Doing interesting things for free - page 5

 

Yep, if the history is shallow, then there should not be any brakes - the new builds on the graphics have significantly accelerated.

ZS. I first thought that would make everything in one line (eight buffers (histograms)), then whoever is bigger in the idea would look out for the smaller one.

 

Engineering psychology, however. The history of the indicator is of little interest, and there are 8 pairs to be displayed (I won't say about 10). Accordingly, 8 buffers, displaying in the main window, I would do it vertically on the left, each line is shifted relative to the axis (1-8) by several pixels, so that the colours do not overlap.

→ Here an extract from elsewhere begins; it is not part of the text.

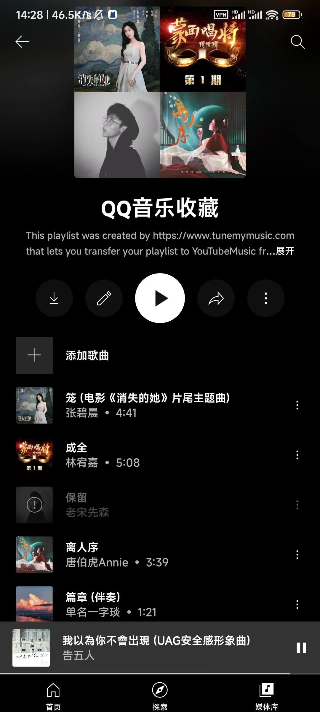 有一些歌曲可能无法转移成功,一方面 YouTube Music 的曲库肯定不会与 QQ 或网易云完全匹配,另一方面有些歌曲在 YouTube Music 上可能是繁体中文命名的,再手动处理一下就 OK 啦

By the way, you can display 108 pairs that way, too. As 108 vertical lines:)


 

That's exactly what's interesting, if there's no history, there's a wagonload of such indicators:

 
Why would an indicator of this type need a story? The purpose is to see which pair has fallen behind. What is the profound serrational point of showing normalised histograms of 8 pairs, almost all of which will almost always be the same?
 
... and - alternatively: there is a vertical axis on the left side of the screen, with borders (+-1) on the left and right. Between these boundaries are a shitload of verticals, corresponding to the current relative positions of the tools. Verticals do not overlap, they just "stick" to each other. If one has jumped out - trade him :)
 
The hard truth is to look for patterns in history, with the question: "What are the consequences of this or that signal, for how long?" and so on, so on, so on
 

I have deja vu. We talked about it yesterday, we were trying out codes :)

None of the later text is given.